**PROMPT**
Begin at the line that has "ワンピース 長袖 膝丈", stop after the line that has "Lily Skyscraper Miss", and print exactly those lines from the records below, without any pictures.

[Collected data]
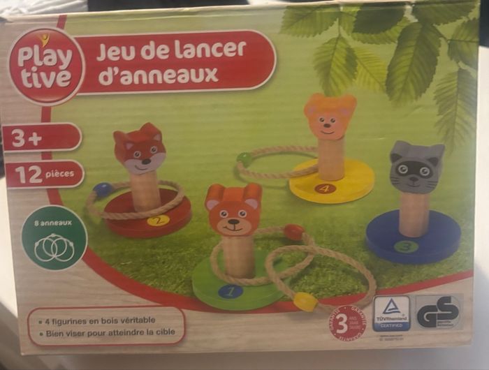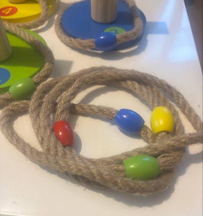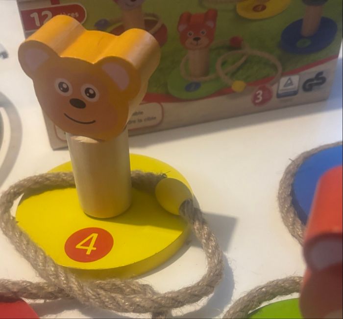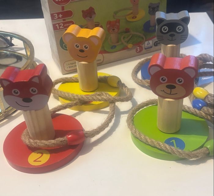 vends ce jeu de corde Montessori avec 4 figurines en bois. - Type de produit : Jouets en bois - Âge recommandé : De 4 à 6 ans - Composition du lot : 4 figurines en bois (chat, ours, lapin, chien), 4 anneaux de lancer Très bon état. Un jeu éducatif et amusant pour les enfants ! N'hésitez pas à me contacter pour plus d'informations.
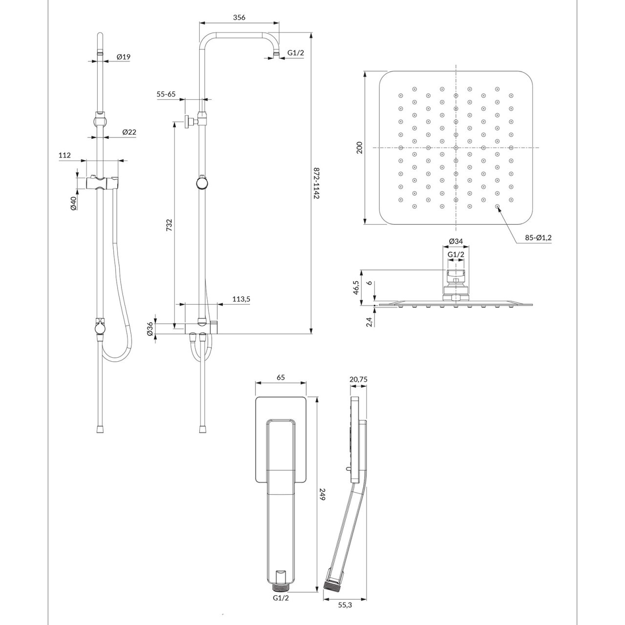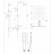 - deszczownica ze stali nierdzewnej, rozmiar: 20 x 20 cm, zasięg ramienia od ściany: ~41 cm;
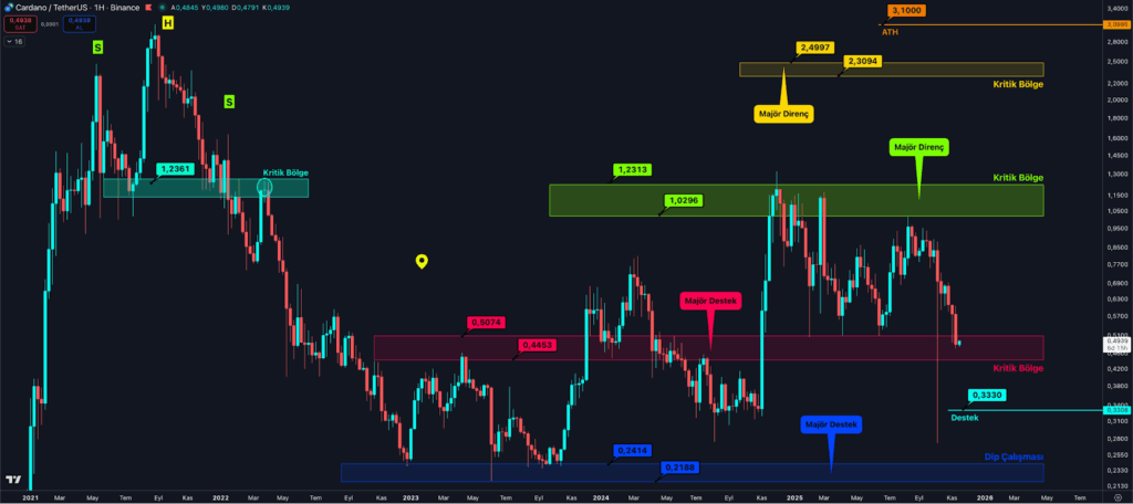 • Multi-year charts show ADA fluctuating inside major support and resistance bands, with current candles resting in a key 0.44–0.50 trading zone.
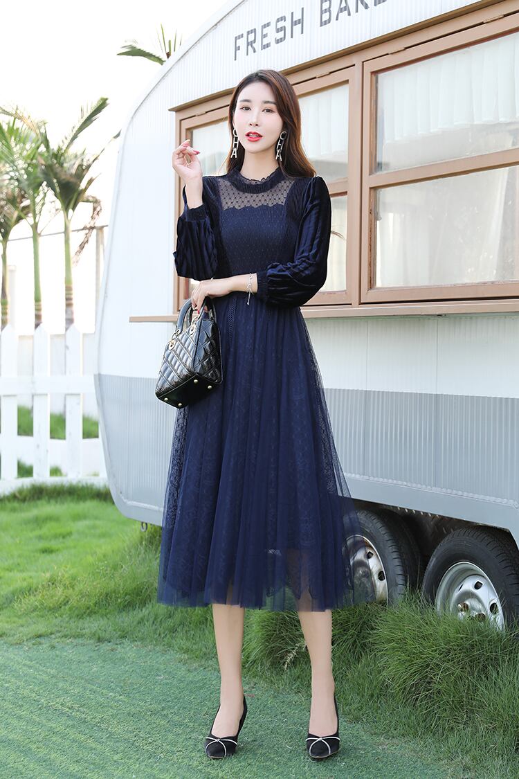 ワンピース 長袖 膝丈 チュール ベロア フレア シースルー 透け感 大人可愛い フォーマル お呼ばれ
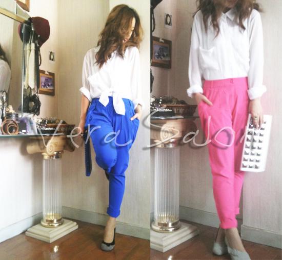 กางเกงเอวสูงสีน้ำเงิน และ สีชมพู
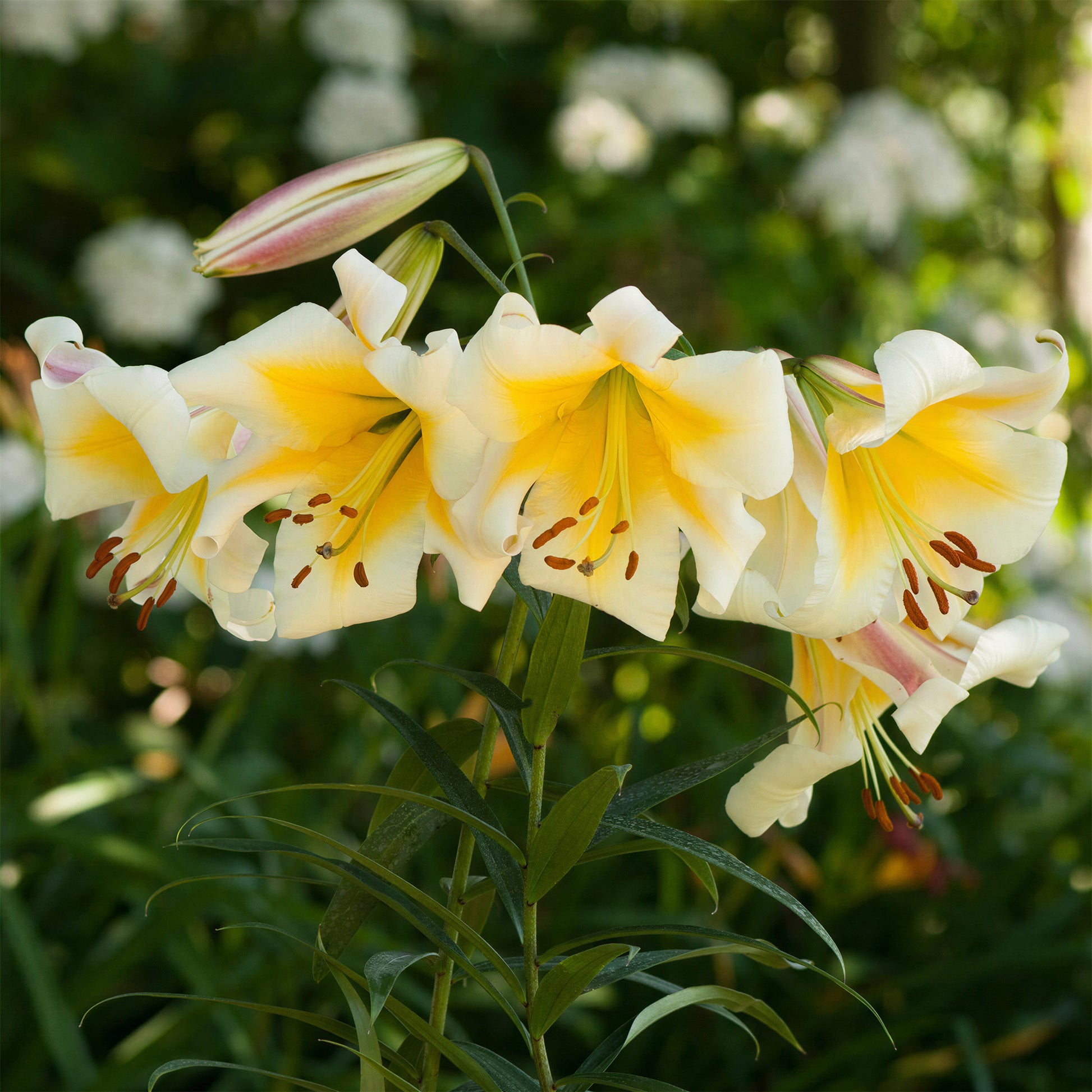 Lily Skyscraper Miss Peculiar brings a playful burst of colour and height to the garden, rising on tall, sturdy stems that naturally draw the eye. The large blooms open in an unusual blend of white, yellow and pink, giving each flower a cheerful, expressive look that stands out beautifully against summer foliage. Their open, nectar rich flowers attract bees and butterflies, adding gentle movement and life to the display. Whether placed at the back of a border or used as a charming feature in a container, these bulbs offer height, personality and a wonderfully distinctive finish.
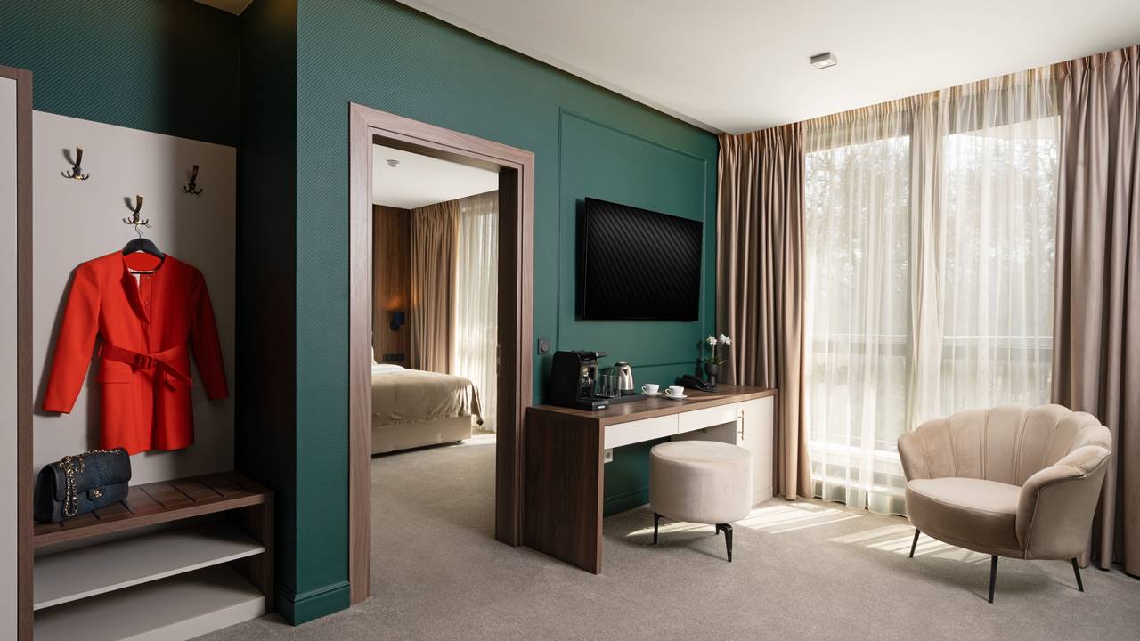 - апартамент с 1 спалня - Апартаментите са с площ около 33 - 48 кв.м. и разполагат със спалня (180/200) или 2 единични легла, хол с разтегателен диван, баня с душ кабина или вана, телевизор, хладилник, кана за вода, кафе машина, балкон и др. Едноспалните апартаменти ще ви осигурят уют и комфорт. Тук ще Ви посрещнат топли цветове и материи. Отделени с плътна врата спалнята и всекидневната са перфектни за уединение по време на семейната Ви почивка.

**WRITTEN ANSWER**
 ワンピース 長袖 膝丈 チュール ベロア フレア シースルー 透け感 大人可愛い フォーマル お呼ばれ
 กางเกงเอวสูงสีน้ำเงิน และ สีชมพู
 Lily Skyscraper Miss Peculiar brings a playful burst of colour and height to the garden, rising on tall, sturdy stems that naturally draw the eye. The large blooms open in an unusual blend of white, yellow and pink, giving each flower a cheerful, expressive look that stands out beautifully against summer foliage. Their open, nectar rich flowers attract bees and butterflies, adding gentle movement and life to the display. Whether placed at the back of a border or used as a charming feature in a container, these bulbs offer height, personality and a wonderfully distinctive finish.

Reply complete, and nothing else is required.